Small, water-soluble, type c cytochromes form a transient network connecting major bioenergetic membrane protein complexes in both photosynthesis and respiration. In the photosynthesis cycle of Rhodobacter sphaeroides, cytochrome c2 (cyt c2) docks to the reaction center (RC), undergoes electron transfer, and exits for the cytochrome bc1 complex. Translations of cyt c2 about the RC-cyt c2 docking interface and surrounding membrane reveal possible exit pathways.
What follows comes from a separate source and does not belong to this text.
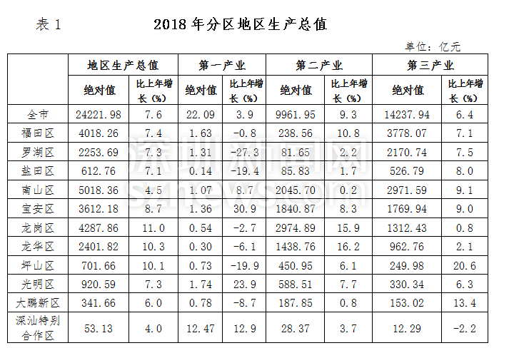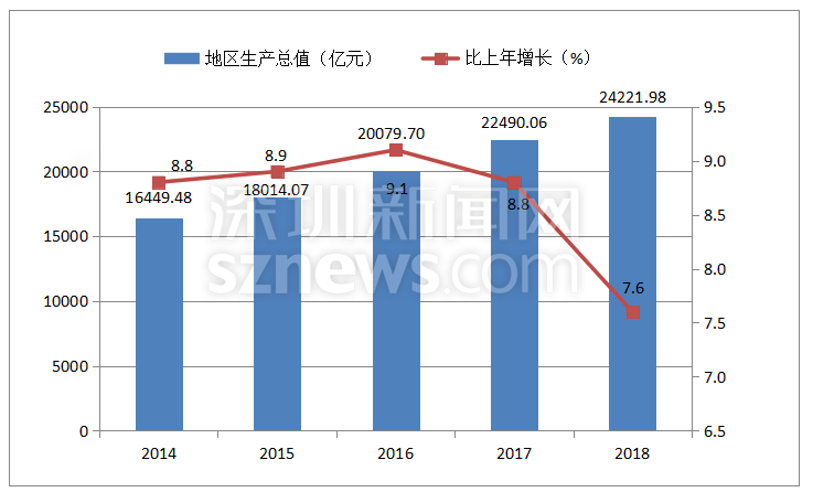 深圳新聞網(wǎng)2019年4月19日訊(記者 劉夢婷 通訊員 胡雪濤)4月19日,記者從深圳市統(tǒng)計局獲悉,深圳市2018國民經(jīng)濟(jì)與社會發(fā)展統(tǒng)計公報出爐:全市實(shí)現(xiàn)地區(qū)生產(chǎn)總值24221.98億元,比上年增長7.6%,常住人口達(dá)1302.66萬人。人均可支配收入57543.60元,居民人均消費(fèi)支出40535.02元。總體來看,2018年深圳經(jīng)濟(jì)運(yùn)行穩(wěn)健,主要經(jīng)濟(jì)指標(biāo)表現(xiàn)良好,高質(zhì)量發(fā)展扎實(shí)推進(jìn)。
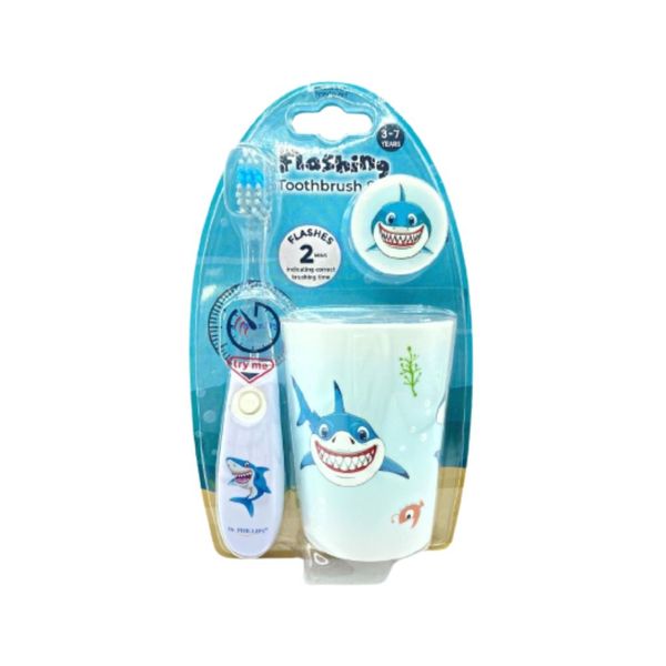 DR.PHILLIPS ชุดแปรงสีฟันสำหรับเด็ก อายุ 3–7 ปี พร้อมแก้วและฝาครอบ ลายฉลาม

A pathway at a minimal elevation allowed by the architecture of the RC is analyzed using both an all-atom steered molecular dynamics simulation of the RC-cyt c2 complex and a bioinformatic analysis of the structures and sequences of cyt c. The structure-based phylogenetic analysis allows for the identification of structural elements that have evolved to satisfy the requirements of having multiple functional partners. The patterns of evolutionary variation obtained from the phylogenetic analysis of both docking partners of cyt c2 reveal conservation of key residues involved in the interaction interfaces that would be candidates for further experimental studies. Additionally, using the molecular mechanics Poisson-Boltzmann surface area method we calculate that the binding free energy of reduced cyt c 2 to the RC is nearly 6 kcal/mol more favorable than with oxidized cyt c2. The redox-dependent variations lead to changes in structural flexibility, behavior of the interfacial water molecules, and eventually changes in the binding free energy of the complex.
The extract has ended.